TASK DESCRIPTION: Please keep to the lines below from the one with "By condensation of" through the one with "Похоже, Каролине нравится", and restate them word for word, ends included.

DATA IN THIS EXERCISE:
= Beginning of Section =

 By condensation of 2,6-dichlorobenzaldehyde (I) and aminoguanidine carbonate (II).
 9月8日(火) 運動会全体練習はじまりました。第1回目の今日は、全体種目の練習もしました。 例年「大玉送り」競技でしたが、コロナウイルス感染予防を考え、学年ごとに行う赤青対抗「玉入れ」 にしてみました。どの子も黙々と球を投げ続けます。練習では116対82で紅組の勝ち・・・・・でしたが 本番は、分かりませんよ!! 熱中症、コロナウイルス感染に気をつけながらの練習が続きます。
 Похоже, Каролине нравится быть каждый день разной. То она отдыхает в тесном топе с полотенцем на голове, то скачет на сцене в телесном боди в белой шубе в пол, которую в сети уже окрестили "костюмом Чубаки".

= End of Section =
= Beginning of Section =

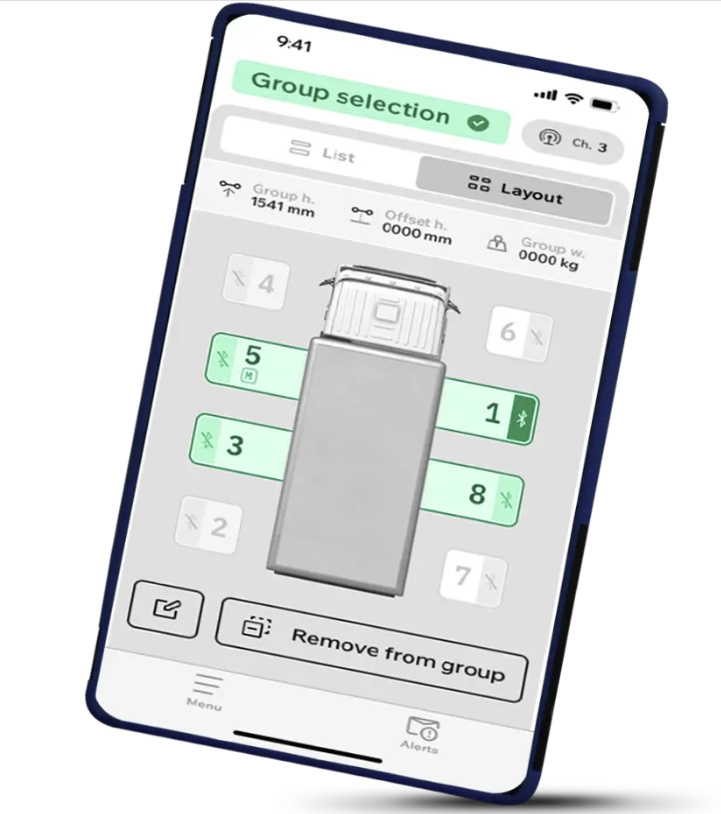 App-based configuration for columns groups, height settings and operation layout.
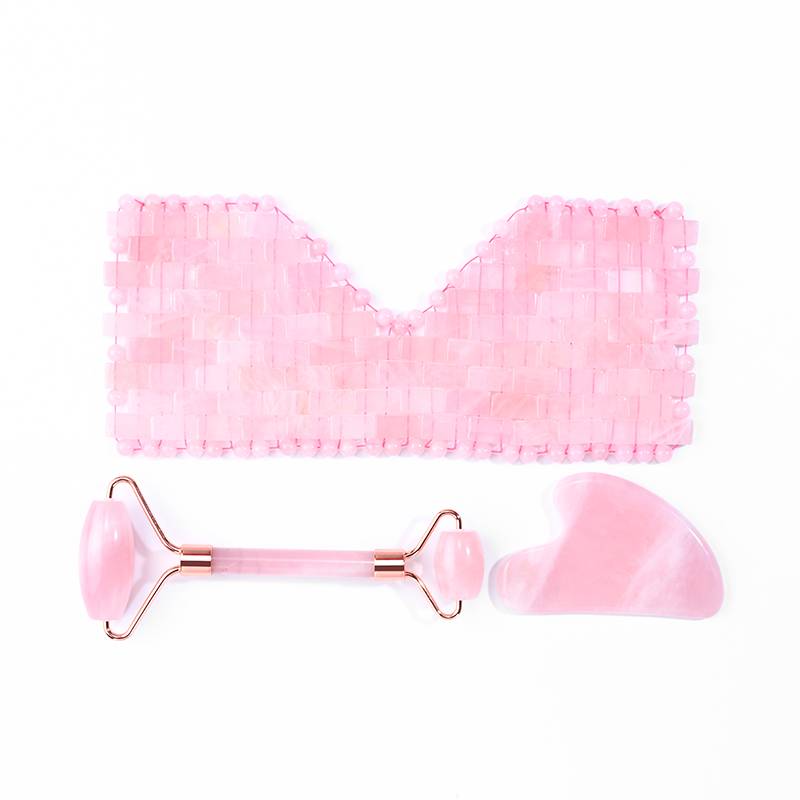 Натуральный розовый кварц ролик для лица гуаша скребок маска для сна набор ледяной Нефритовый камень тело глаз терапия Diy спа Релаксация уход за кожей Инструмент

= End of Section =

SOLUTION TO THIS PROBLEM:
 By condensation of 2,6-dichlorobenzaldehyde (I) and aminoguanidine carbonate (II).
 9月8日(火) 運動会全体練習はじまりました。第1回目の今日は、全体種目の練習もしました。 例年「大玉送り」競技でしたが、コロナウイルス感染予防を考え、学年ごとに行う赤青対抗「玉入れ」 にしてみました。どの子も黙々と球を投げ続けます。練習では116対82で紅組の勝ち・・・・・でしたが 本番は、分かりませんよ!! 熱中症、コロナウイルス感染に気をつけながらの練習が続きます。
 Похоже, Каролине нравится быть каждый день разной. То она отдыхает в тесном топе с полотенцем на голове, то скачет на сцене в телесном боди в белой шубе в пол, которую в сети уже окрестили "костюмом Чубаки".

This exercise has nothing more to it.